Gore v. Secretary for the Dept. of Corrections, F.3d 1273; 2007 U.S. App. LEXIS 17262; 20 Fla. L. Weekly Fed. C 873 (11th Cir. 2007)
Holding: Petitioner's Certificate of Appealability was granted with respect to issue of whether Florida Supreme Court, in deciding that the Miami Dade detectives did not deny appellant his Fifth or Sixth Amendment right to counsel while questioning him in absence of counsel, rendered a decision that was contrary to, or involved an unreasonable application of clearly established federal law, or was based on a unreasonable determination of the facts in light of the evidence.
Townsend v. State, Case No.: 16-2007-CF-9010-BXXX (4th Jud. Cir 2007)
Holding: Order of Community Control entered on July 1, 2008, sentencing the defendant to 3 years incarceration followed by 3 years community control struck, as the sentence differed from the oral sentence of three years of incarceration followed by three years probation. The orally pronounced sentence controls.
Cannon v. State, 32 Fla. L. Weekly D1613b (7th Jud. Cir. 2006)
Holding: Five years cut from 25 year sentence. (Information did not include language of “great bodily harm,” and therefore maximum sentence D could have received was 20 years, not 25.)
Sears v. State, Case no.: 16-2006-CF-18466-AXXX-MA (4th Jud. Cir 2006)
Holding: New trial awarded based on ineffective assistance of counsel in failing to object to Richardson violation of a state witness not previously discovered to defense and used to rebut defendant’s defense of entrapment.
Dove v. State, 16-1996-CF-010494-AXXX-MA (4th Jud. Cir. March 16, 2004)
Holding: 27-year sentence vacated for resentencing; 3.800 illegal sentence motion granted. Mr. Dove was resentenced to approximately 2 ½ years.

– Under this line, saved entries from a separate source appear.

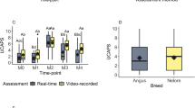 Scoring drift among observers when using pain scales has been well-documented52. Intra-observer reliability of the reference observer varied from 0.32 to 1 in the Nellore20, Holstein19 and sow53 grimace scales, while the inter-observer reliability varied from 0.42 to 0.77 for the Holstein19 and sow53 grimace scales. RO, who was responsible for scoring the images for the subsequent analyses, achieved high inter and intra-observer reliability (ICC > 0.8), confirming that the scoring is accurate, yielding consistent results both between different observers and across repeated observations by the same observer. This result implies pain assessment in farm animals could be as accurate and reliable as in other species, such as cats and ferrets, where the inter- and intra-observer reliabilities were above 0.8029,45.
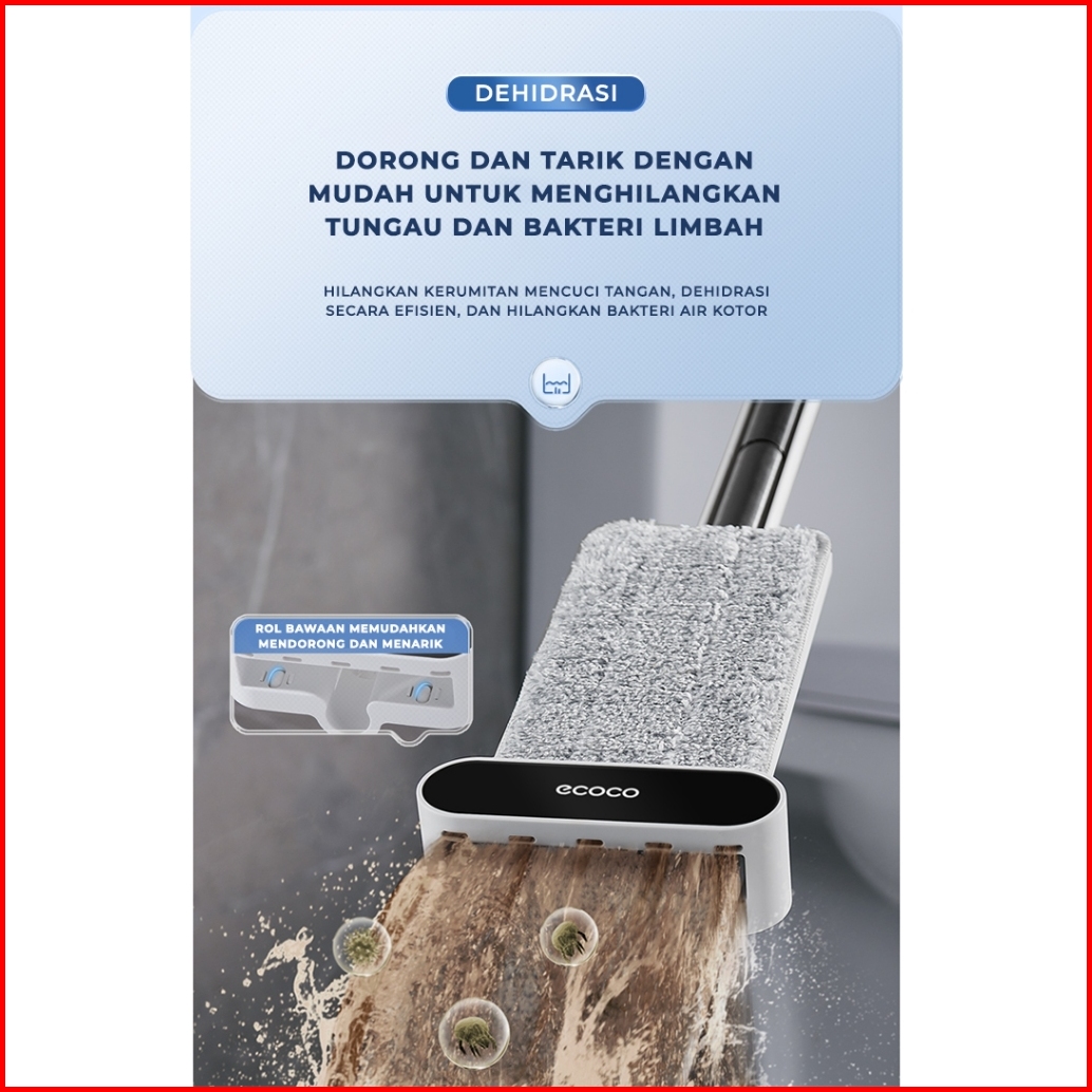 Ecoco Hand Free Mop - Pel Lantai Premium Pel Kering Pel Basah Pembersih Lantai Anti Bakteri
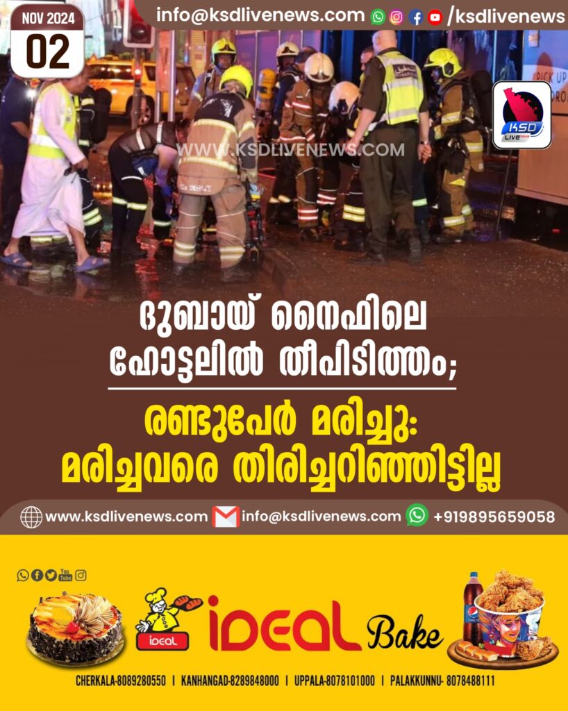 ദുബായ് നൈഫിലെ ഹോട്ടലില് തീപിടിത്തം; രണ്ടുപേർ മരിച്ചു: മരിച്ചവരെ തിരിച്ചറിഞ്ഞിട്ടില്ല
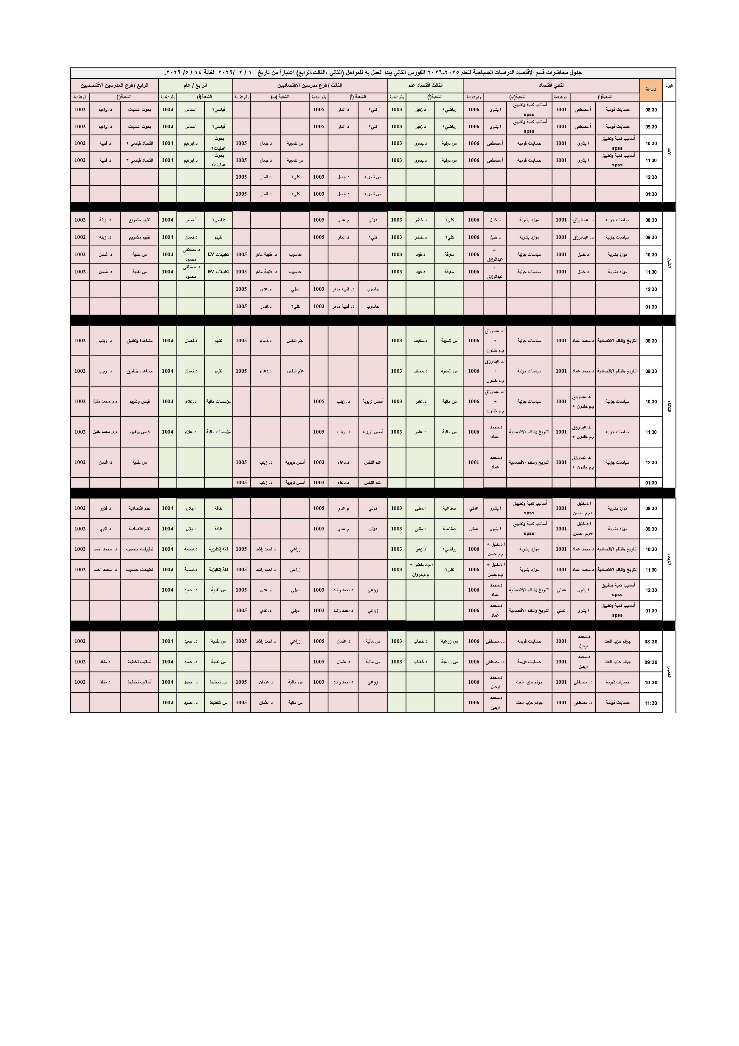 ويبدأ العمل بهذا الجدول اعتبارًا من الاحد الموافق 2026/2/1،وتُهيب عمادة الكلية بجميع الطلبة الالتزام بالمواعيد المحددة وحضور المحاضرات لضمان الاستفادة الكاملة من الخطة الدراسية.
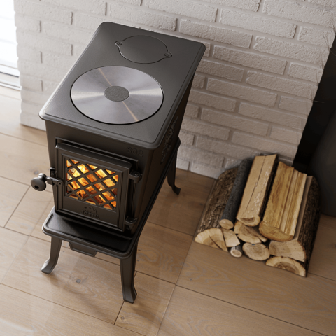 Vurder en vedovn med kokeplate, som gir mulighet for enkel matlaging i krisesituasjon.
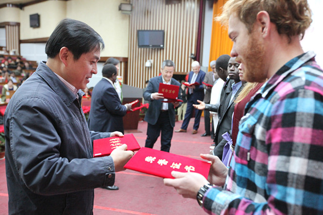 優秀留學生表彰會由留學生中心汪瀅主任主持。胡海巖校長發表了重要講話。他首先解讀了“中國夢”的內涵,指出中國夢不僅是全體中國人的夢想,也包含了在中國學習和生活的所有外國友人的夢想。在談到學校的發展時,胡海巖說,將我校建設成為國際一流大學的“北理夢”需要全體教職員工、全體中國學生和全體外國留學生以及校友們的共同努力。在未來的工作中,學校將大力推進國際化進程,進一步改善辦學條件,提高國際化辦學質量以吸引更多的外國留學生,特別是學位生來我校攻讀。他還結合自身早年的留學經歷,勉勵在座的外國留學生積極融入校園生活,希望他們能學有所成,成長為具有國際視野的多元文化人才。
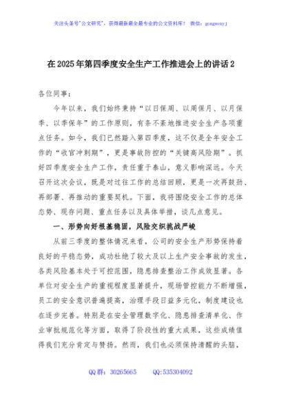 / 在2025年第四季度安全生产工作推进会上的讲话2

Spencer v. State, 889 So. 2d 868 (Fla. 2nd DCA 2004)
Holding: Reversed and remanded for evidentiary hearing. The denial of the claims of ineffective assistance based on the alleged failure to inform defendant that insanity was a defense and to have defendant psychologically tested was reversed and the case was remanded for reconsideration of those claims. The denial of the claim that counsel was ineffective for failing to file a motion to suppress was reversed and the case was remanded with directions.